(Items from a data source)
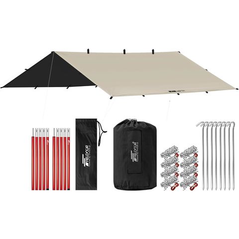 FIELDOOR スクエアタープ 2~4人用 (ライトベージュ:遮光高耐水/本体&5連結150cmポール2本セット) 2.8m×2.8m 遮熱 遮光 タープテント 日よけ UVカット 高耐水 ソロキャンプ テントポール サンシェード ヘキサタープ アウトドア BBQ キャンプ 送料無料
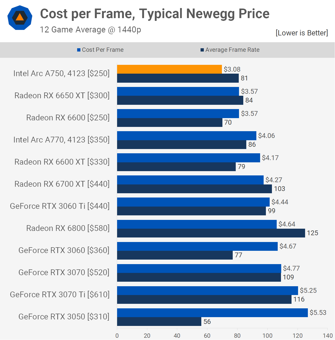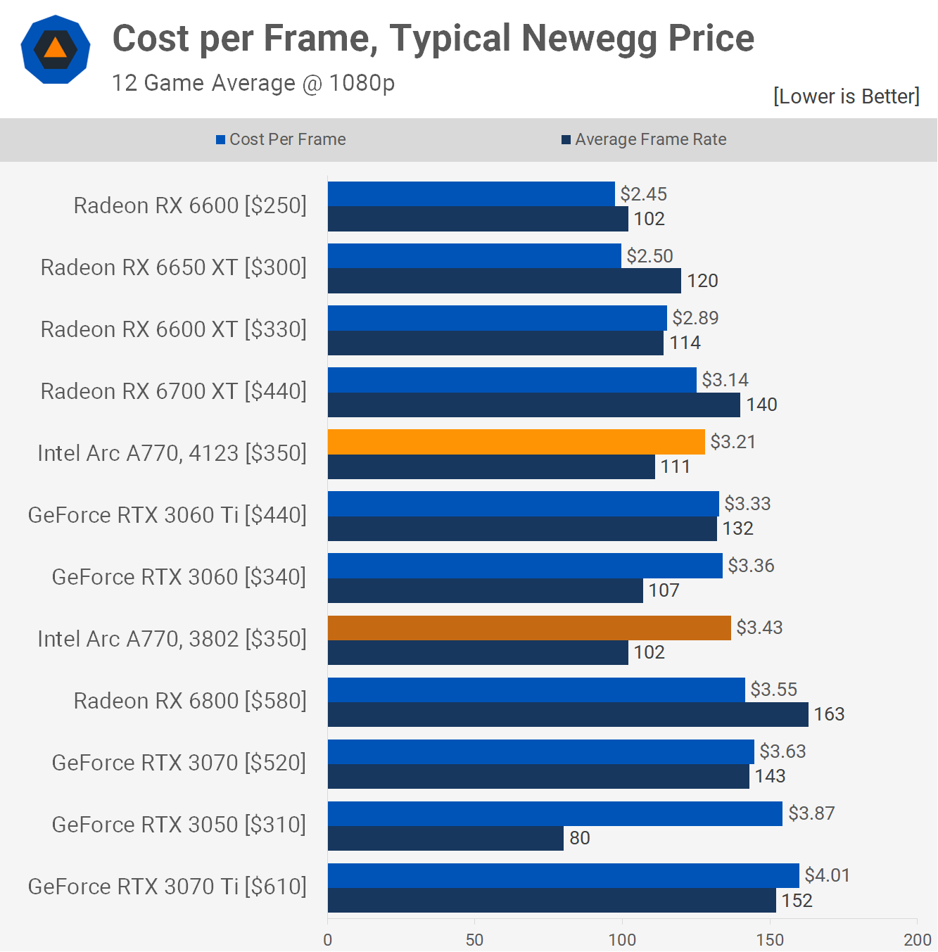 The 1440p results are far more competitive though, here the A770 was just 14% more costly per frame than the 6650 XT. While the $50 discount the Radeon GPU has over the A770 is still quite substantial, Intel's now in the same ballpark and certainly offering far more value than Nvidia.
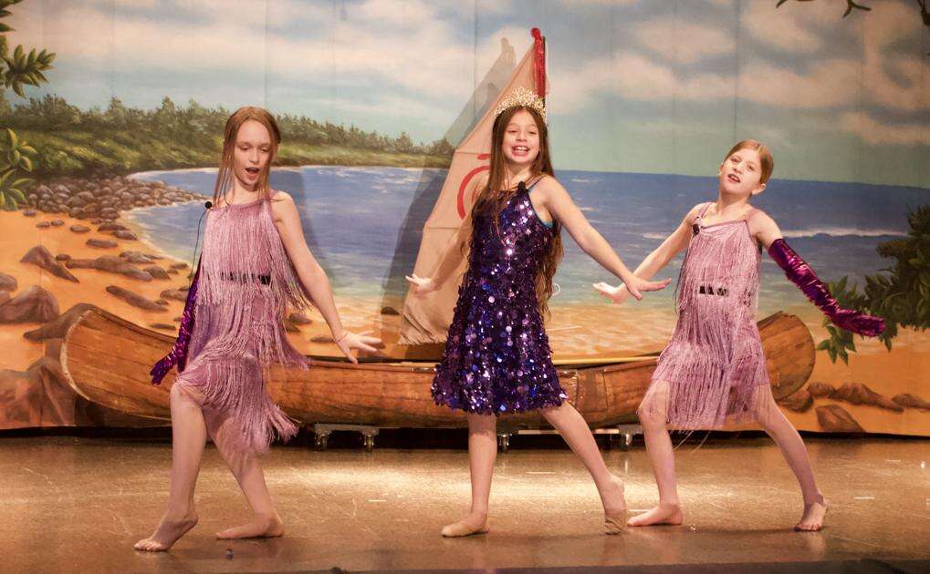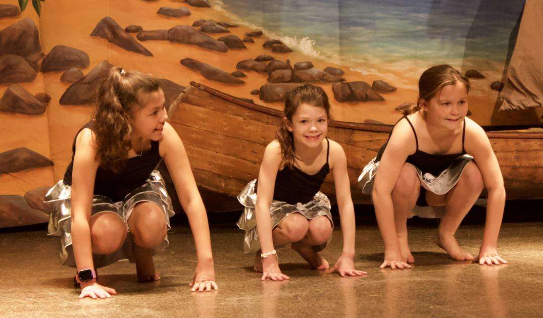 Emma Sanchez Tejeda, Emily Seibert and Emma Fox are ready to spring into action as “Shiny Dancers” in “Moana JR.” at Willow Lane Elementary School.
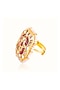 Gold Finish Ruby Stone & Kundan Polki Adjustable Ring In Sterling Silver
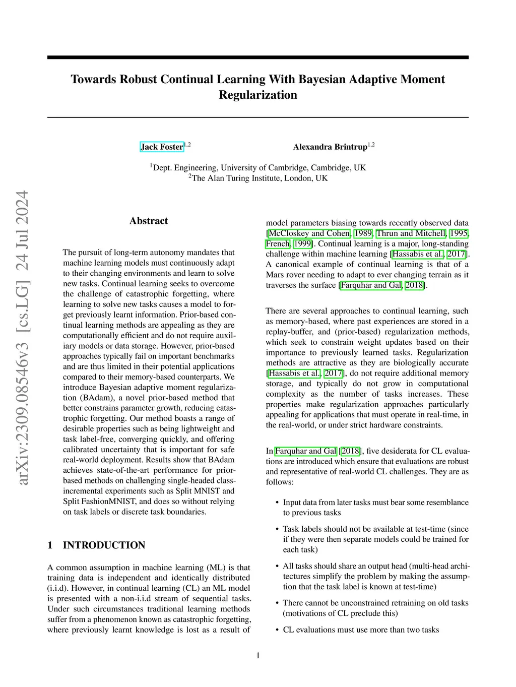 The pursuit of long-term autonomy mandates that robotic agents must continuously adapt to their changing environments and learn to solve new tasks. Continual learning seeks to overcome the challenge of catastrophic forgetting, where learning to solve new tasks causes a model to forget previously learnt information. Prior-based continual learning methods are appealing for robotic applications as they are space efficient and typically do not increase in computational complexity as the number of tasks grows. Despite these desirable properties, prior-based approaches typically fail on important benchmarks and consequently are limited in their potential applications compared to their memory-based counterparts. We introduce Bayesian adaptive moment regularization (BAdam), a novel prior-based method that better constrains parameter growth, leading to lower catastrophic forgetting. Our method boasts a range of desirable properties for robotic applications such as being lightweight and task label-free, converging quickly, and offering calibrated uncertainty that is important for safe real-world deployment. Results show that BAdam achieves state-of-the-art performance for prior-based methods on challenging single-headed class-incremental experiments such as Split MNIST and Split FashionMNIST, and does so without relying on task labels or discrete task boundaries.
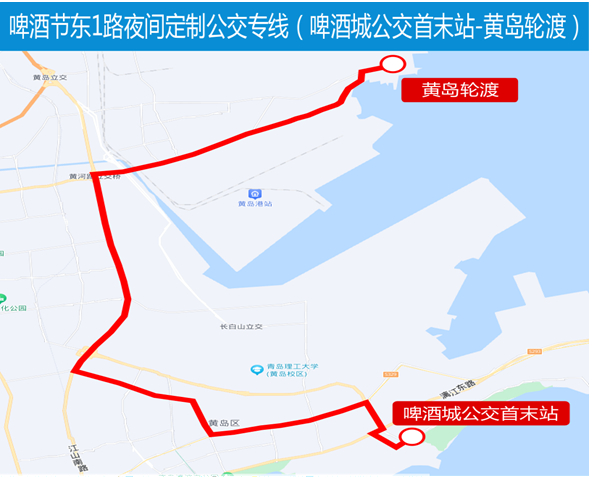 1.东1路夜间定制公交专线(啤酒城公交首末站—黄岛轮渡)
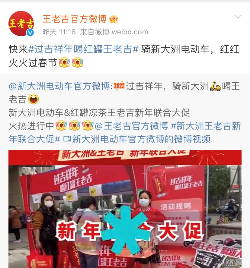 随着万物皆可联名,合作形式也愈发多样化,跨界合作的脑洞越来越大。近期,一场围绕着“过吉祥年,骑新大洲”为主题的的跨界营销引爆了市场。新大洲 x 王老吉强强联合,各自通过渠道、品牌、产品等多方位资源互补,开拓增量市场,并赋能行业高速发展。
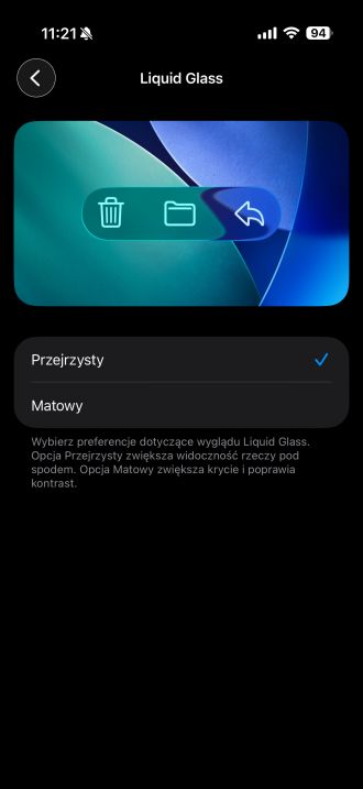iOS 26.1 – jak zmienić intensywność efektu Liquid Glass?

How to complete this task:
Only the pictures stay out; the rest of the entries above must be written out exactly.

Your response:
 FIELDOOR スクエアタープ 2~4人用 (ライトベージュ:遮光高耐水/本体&5連結150cmポール2本セット) 2.8m×2.8m 遮熱 遮光 タープテント 日よけ UVカット 高耐水 ソロキャンプ テントポール サンシェード ヘキサタープ アウトドア BBQ キャンプ 送料無料
 The 1440p results are far more competitive though, here the A770 was just 14% more costly per frame than the 6650 XT. While the $50 discount the Radeon GPU has over the A770 is still quite substantial, Intel's now in the same ballpark and certainly offering far more value than Nvidia.
 Emma Sanchez Tejeda, Emily Seibert and Emma Fox are ready to spring into action as “Shiny Dancers” in “Moana JR.” at Willow Lane Elementary School.
 Gold Finish Ruby Stone & Kundan Polki Adjustable Ring In Sterling Silver
 The pursuit of long-term autonomy mandates that robotic agents must continuously adapt to their changing environments and learn to solve new tasks. Continual learning seeks to overcome the challenge of catastrophic forgetting, where learning to solve new tasks causes a model to forget previously learnt information. Prior-based continual learning methods are appealing for robotic applications as they are space efficient and typically do not increase in computational complexity as the number of tasks grows. Despite these desirable properties, prior-based approaches typically fail on important benchmarks and consequently are limited in their potential applications compared to their memory-based counterparts. We introduce Bayesian adaptive moment regularization (BAdam), a novel prior-based method that better constrains parameter growth, leading to lower catastrophic forgetting. Our method boasts a range of desirable properties for robotic applications such as being lightweight and task label-free, converging quickly, and offering calibrated uncertainty that is important for safe real-world deployment. Results show that BAdam achieves state-of-the-art performance for prior-based methods on challenging single-headed class-incremental experiments such as Split MNIST and Split FashionMNIST, and does so without relying on task labels or discrete task boundaries.
 1.东1路夜间定制公交专线(啤酒城公交首末站—黄岛轮渡)
 随着万物皆可联名,合作形式也愈发多样化,跨界合作的脑洞越来越大。近期,一场围绕着“过吉祥年,骑新大洲”为主题的的跨界营销引爆了市场。新大洲 x 王老吉强强联合,各自通过渠道、品牌、产品等多方位资源互补,开拓增量市场,并赋能行业高速发展。
iOS 26.1 – jak zmienić intensywność efektu Liquid Glass?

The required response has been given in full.